# [SUPPLIED INFORMATION]
>>>
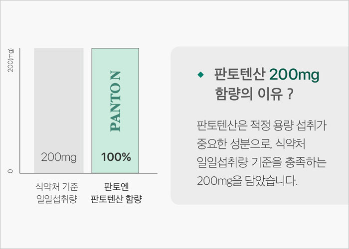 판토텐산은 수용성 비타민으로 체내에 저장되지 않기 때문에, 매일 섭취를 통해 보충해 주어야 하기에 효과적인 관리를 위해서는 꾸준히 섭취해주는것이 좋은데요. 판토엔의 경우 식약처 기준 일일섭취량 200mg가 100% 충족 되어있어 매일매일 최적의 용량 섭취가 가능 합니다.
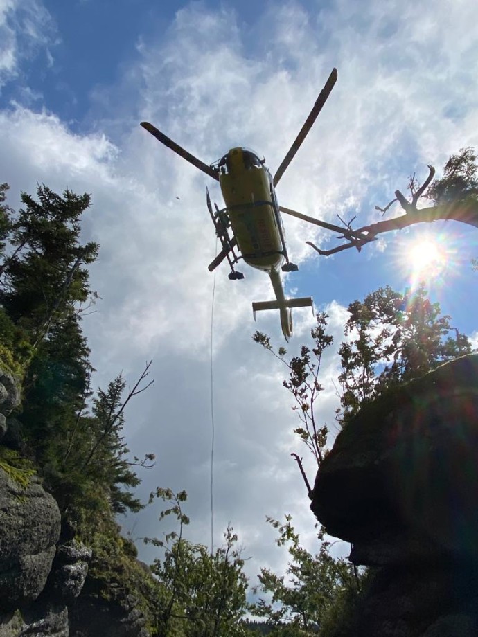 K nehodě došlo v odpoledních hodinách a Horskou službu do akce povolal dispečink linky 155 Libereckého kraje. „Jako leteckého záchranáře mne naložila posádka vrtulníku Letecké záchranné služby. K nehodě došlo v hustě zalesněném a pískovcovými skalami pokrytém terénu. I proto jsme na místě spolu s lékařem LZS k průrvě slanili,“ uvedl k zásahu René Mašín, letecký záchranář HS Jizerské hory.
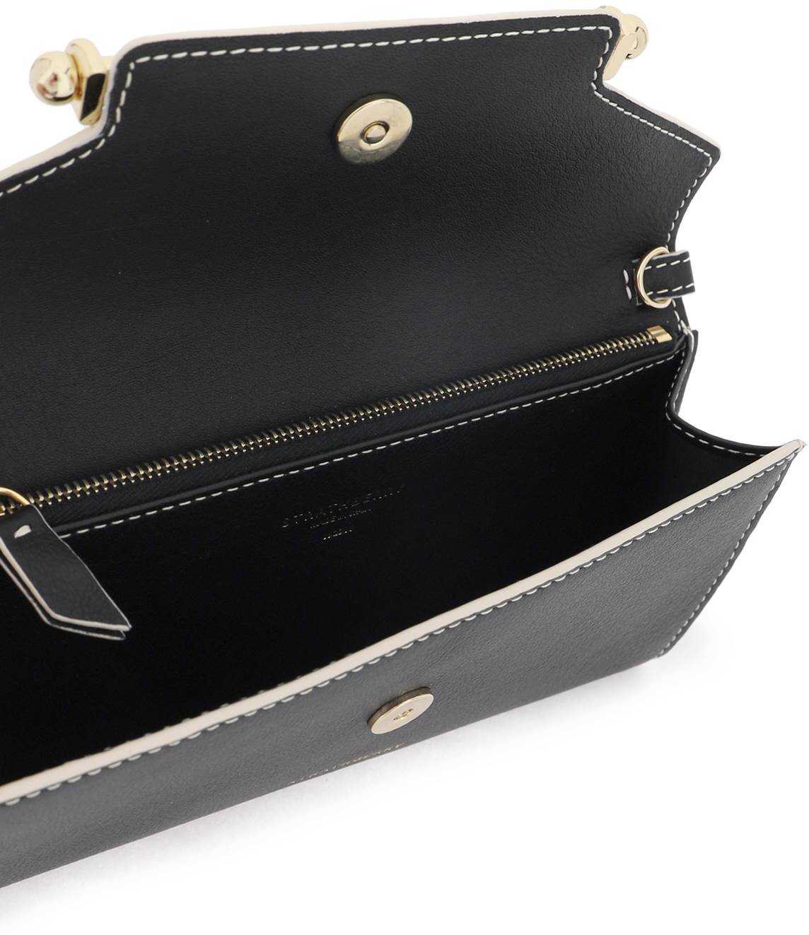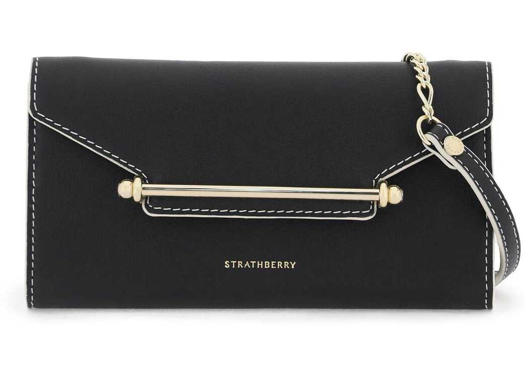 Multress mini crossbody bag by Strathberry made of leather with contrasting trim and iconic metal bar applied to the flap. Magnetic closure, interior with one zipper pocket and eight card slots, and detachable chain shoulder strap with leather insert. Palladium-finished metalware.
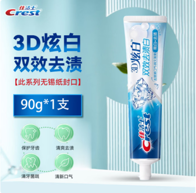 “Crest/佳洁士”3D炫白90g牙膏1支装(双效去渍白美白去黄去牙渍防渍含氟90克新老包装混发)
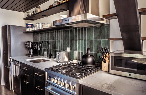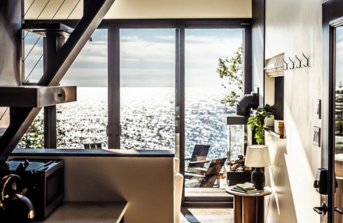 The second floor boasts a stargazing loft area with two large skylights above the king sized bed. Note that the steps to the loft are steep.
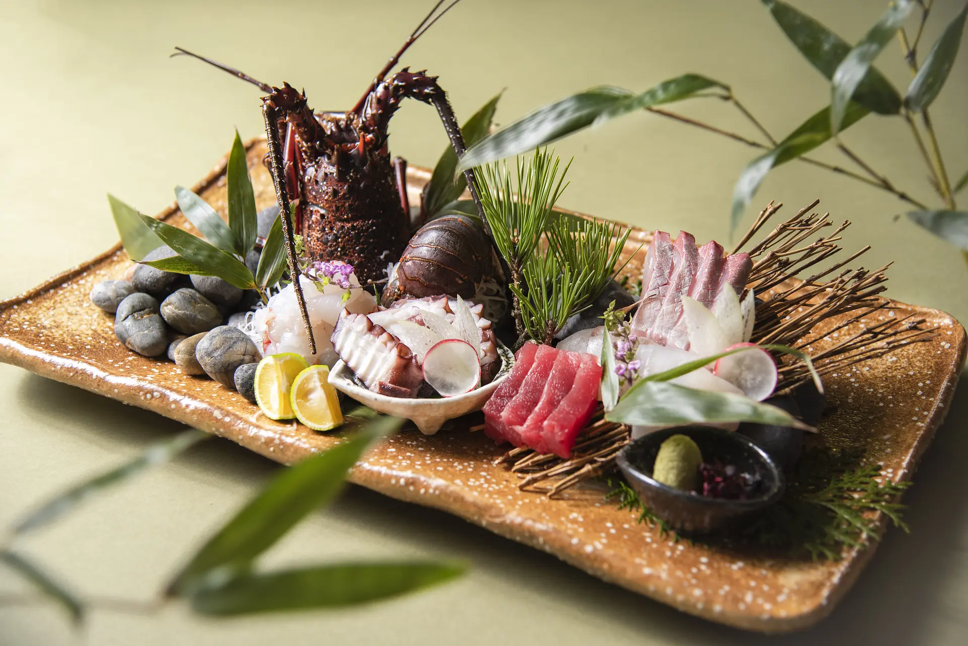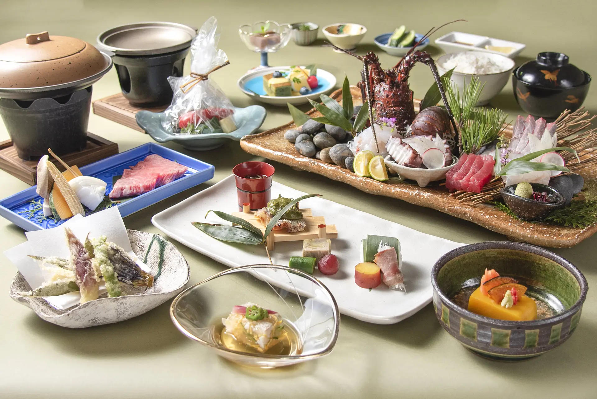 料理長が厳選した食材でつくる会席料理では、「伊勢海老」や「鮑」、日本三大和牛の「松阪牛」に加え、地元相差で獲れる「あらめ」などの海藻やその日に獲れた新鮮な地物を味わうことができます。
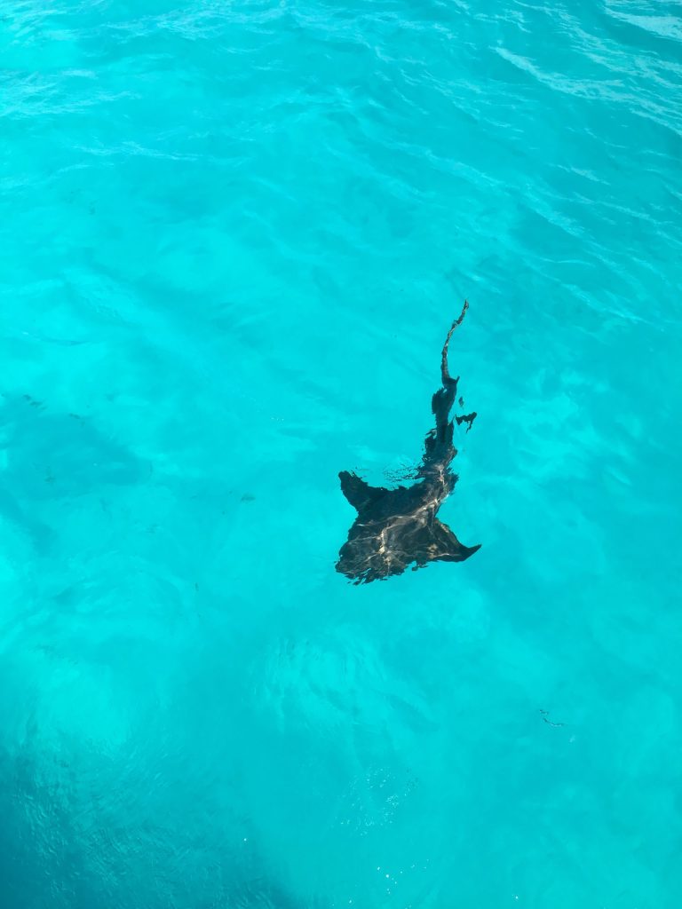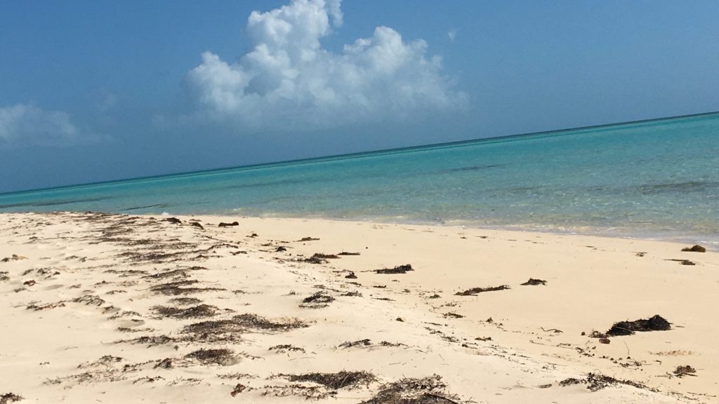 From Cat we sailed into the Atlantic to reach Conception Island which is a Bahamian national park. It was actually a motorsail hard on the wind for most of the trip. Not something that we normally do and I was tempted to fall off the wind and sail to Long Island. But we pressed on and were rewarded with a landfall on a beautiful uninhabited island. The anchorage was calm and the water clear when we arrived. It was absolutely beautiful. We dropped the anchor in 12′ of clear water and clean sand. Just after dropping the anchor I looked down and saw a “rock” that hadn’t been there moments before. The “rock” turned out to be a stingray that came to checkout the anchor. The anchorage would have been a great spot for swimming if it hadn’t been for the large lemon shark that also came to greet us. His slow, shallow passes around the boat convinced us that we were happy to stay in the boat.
<<<
>>>
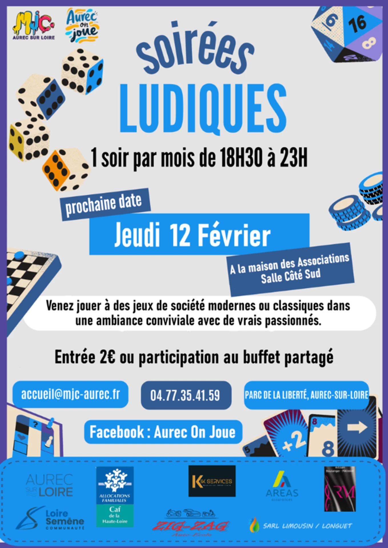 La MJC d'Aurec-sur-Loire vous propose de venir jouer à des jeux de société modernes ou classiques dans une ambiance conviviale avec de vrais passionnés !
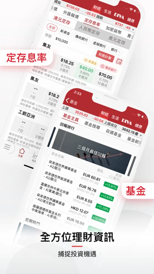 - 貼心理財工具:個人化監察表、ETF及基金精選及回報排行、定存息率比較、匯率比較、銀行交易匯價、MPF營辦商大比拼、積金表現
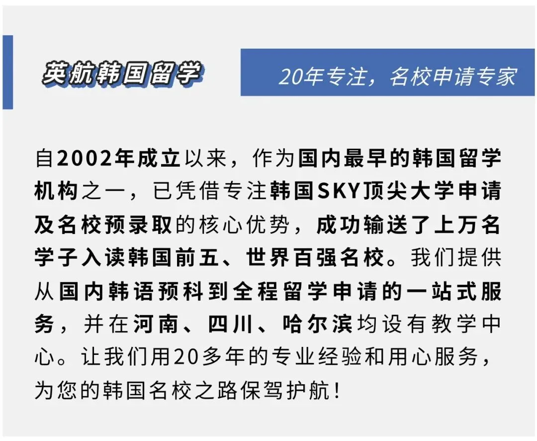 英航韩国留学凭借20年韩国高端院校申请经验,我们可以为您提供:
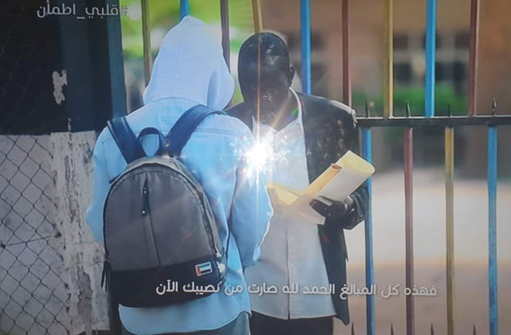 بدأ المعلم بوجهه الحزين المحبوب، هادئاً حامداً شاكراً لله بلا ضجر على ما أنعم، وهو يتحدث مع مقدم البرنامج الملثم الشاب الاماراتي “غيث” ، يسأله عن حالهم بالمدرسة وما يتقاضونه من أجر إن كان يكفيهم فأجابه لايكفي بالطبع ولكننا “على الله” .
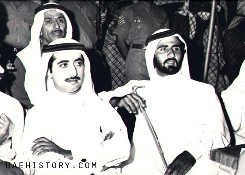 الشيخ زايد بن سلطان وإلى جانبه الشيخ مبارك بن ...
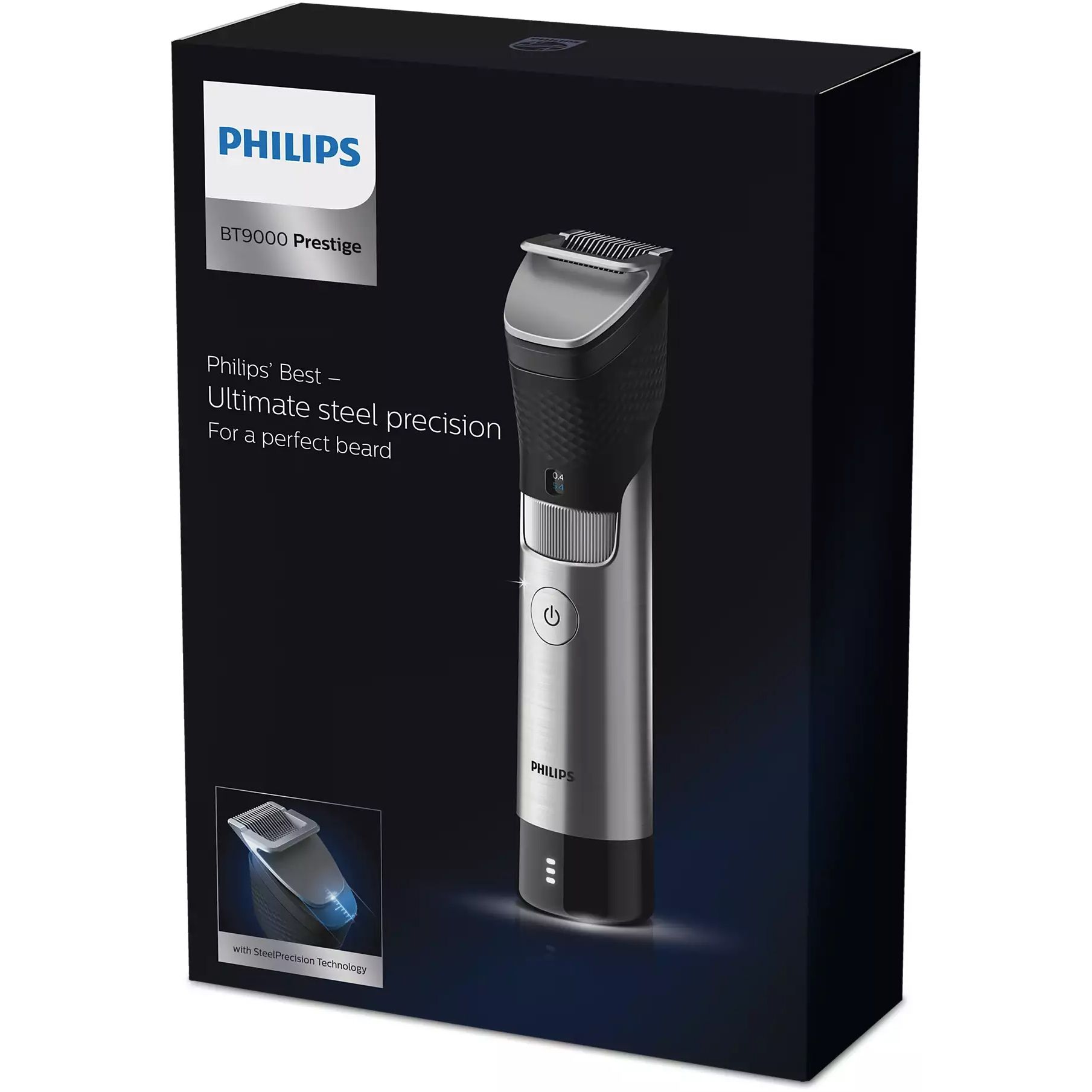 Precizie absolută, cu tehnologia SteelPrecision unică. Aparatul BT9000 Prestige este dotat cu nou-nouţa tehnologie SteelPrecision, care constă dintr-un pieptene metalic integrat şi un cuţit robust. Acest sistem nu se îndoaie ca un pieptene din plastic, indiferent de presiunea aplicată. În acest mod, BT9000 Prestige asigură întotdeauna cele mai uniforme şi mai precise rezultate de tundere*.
<<<
# [EXERCISE GOAL]
A verbatim reproduction is expected: starting at the line above that has "Multress mini crossbody", ending at the line that has "From Cat we", both included, and with no pictures and no other lines.

# [RESULT]
 Multress mini crossbody bag by Strathberry made of leather with contrasting trim and iconic metal bar applied to the flap. Magnetic closure, interior with one zipper pocket and eight card slots, and detachable chain shoulder strap with leather insert. Palladium-finished metalware.
 “Crest/佳洁士”3D炫白90g牙膏1支装(双效去渍白美白去黄去牙渍防渍含氟90克新老包装混发)
 The second floor boasts a stargazing loft area with two large skylights above the king sized bed. Note that the steps to the loft are steep.
 料理長が厳選した食材でつくる会席料理では、「伊勢海老」や「鮑」、日本三大和牛の「松阪牛」に加え、地元相差で獲れる「あらめ」などの海藻やその日に獲れた新鮮な地物を味わうことができます。
 From Cat we sailed into the Atlantic to reach Conception Island which is a Bahamian national park. It was actually a motorsail hard on the wind for most of the trip. Not something that we normally do and I was tempted to fall off the wind and sail to Long Island. But we pressed on and were rewarded with a landfall on a beautiful uninhabited island. The anchorage was calm and the water clear when we arrived. It was absolutely beautiful. We dropped the anchor in 12′ of clear water and clean sand. Just after dropping the anchor I looked down and saw a “rock” that hadn’t been there moments before. The “rock” turned out to be a stingray that came to checkout the anchor. The anchorage would have been a great spot for swimming if it hadn’t been for the large lemon shark that also came to greet us. His slow, shallow passes around the boat convinced us that we were happy to stay in the boat.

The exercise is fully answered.